Activity >>
The result should be the lines from the one holding "(47126) Набір струбцин" to the final line of the records below, repeated exactly and with no pictures.

Entries taken from a collection

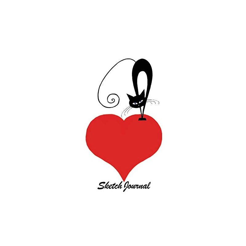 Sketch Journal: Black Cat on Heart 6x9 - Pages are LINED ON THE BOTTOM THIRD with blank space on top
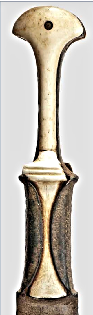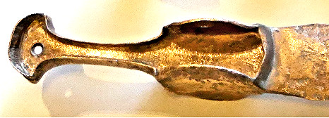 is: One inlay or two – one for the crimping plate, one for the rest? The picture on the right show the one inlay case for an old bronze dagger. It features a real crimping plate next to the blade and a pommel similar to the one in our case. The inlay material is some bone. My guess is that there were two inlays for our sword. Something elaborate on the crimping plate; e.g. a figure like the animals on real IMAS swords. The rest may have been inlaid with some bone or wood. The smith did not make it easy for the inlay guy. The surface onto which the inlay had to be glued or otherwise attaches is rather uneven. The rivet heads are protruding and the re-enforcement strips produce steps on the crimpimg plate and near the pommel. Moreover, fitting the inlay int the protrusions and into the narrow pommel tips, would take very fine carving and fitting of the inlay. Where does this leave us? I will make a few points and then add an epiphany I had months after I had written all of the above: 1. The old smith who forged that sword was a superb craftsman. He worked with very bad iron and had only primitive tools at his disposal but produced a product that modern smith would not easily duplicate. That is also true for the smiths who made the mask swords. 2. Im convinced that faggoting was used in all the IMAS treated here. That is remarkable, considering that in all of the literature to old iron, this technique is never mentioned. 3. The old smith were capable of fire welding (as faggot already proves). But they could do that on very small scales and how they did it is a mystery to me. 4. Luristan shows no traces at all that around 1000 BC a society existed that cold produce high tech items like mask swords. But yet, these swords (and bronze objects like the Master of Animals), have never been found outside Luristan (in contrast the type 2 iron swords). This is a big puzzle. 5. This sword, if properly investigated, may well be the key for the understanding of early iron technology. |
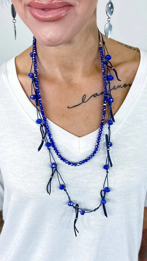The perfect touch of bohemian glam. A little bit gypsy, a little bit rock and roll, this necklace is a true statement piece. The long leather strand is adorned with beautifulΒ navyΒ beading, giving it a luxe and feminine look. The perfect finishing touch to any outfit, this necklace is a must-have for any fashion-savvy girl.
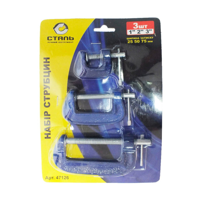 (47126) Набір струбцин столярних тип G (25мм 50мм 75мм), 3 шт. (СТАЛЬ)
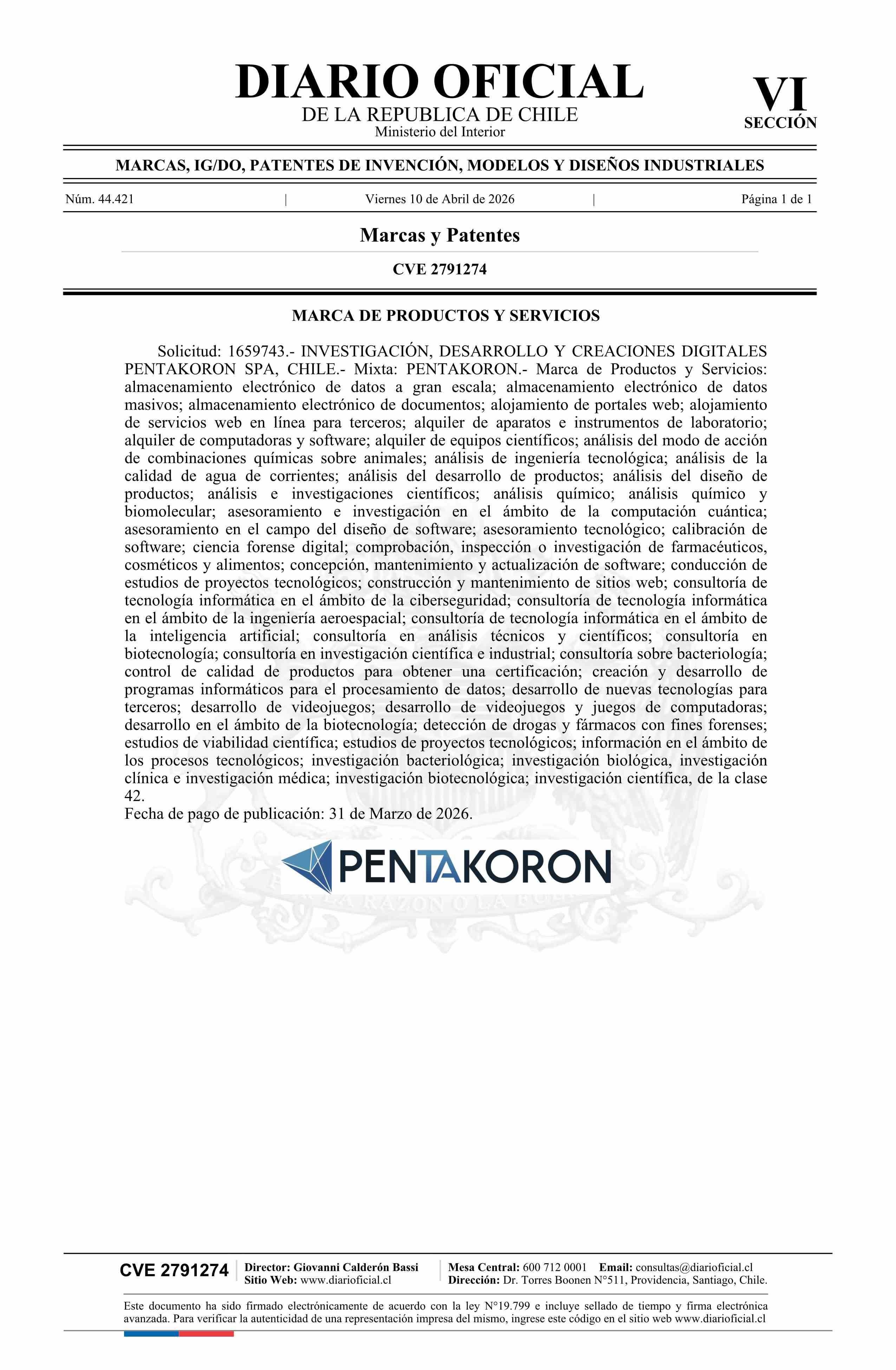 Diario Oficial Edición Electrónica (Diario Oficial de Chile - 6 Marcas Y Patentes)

Your response >>
 (47126) Набір струбцин столярних тип G (25мм 50мм 75мм), 3 шт. (СТАЛЬ)
 Diario Oficial Edición Electrónica (Diario Oficial de Chile - 6 Marcas Y Patentes)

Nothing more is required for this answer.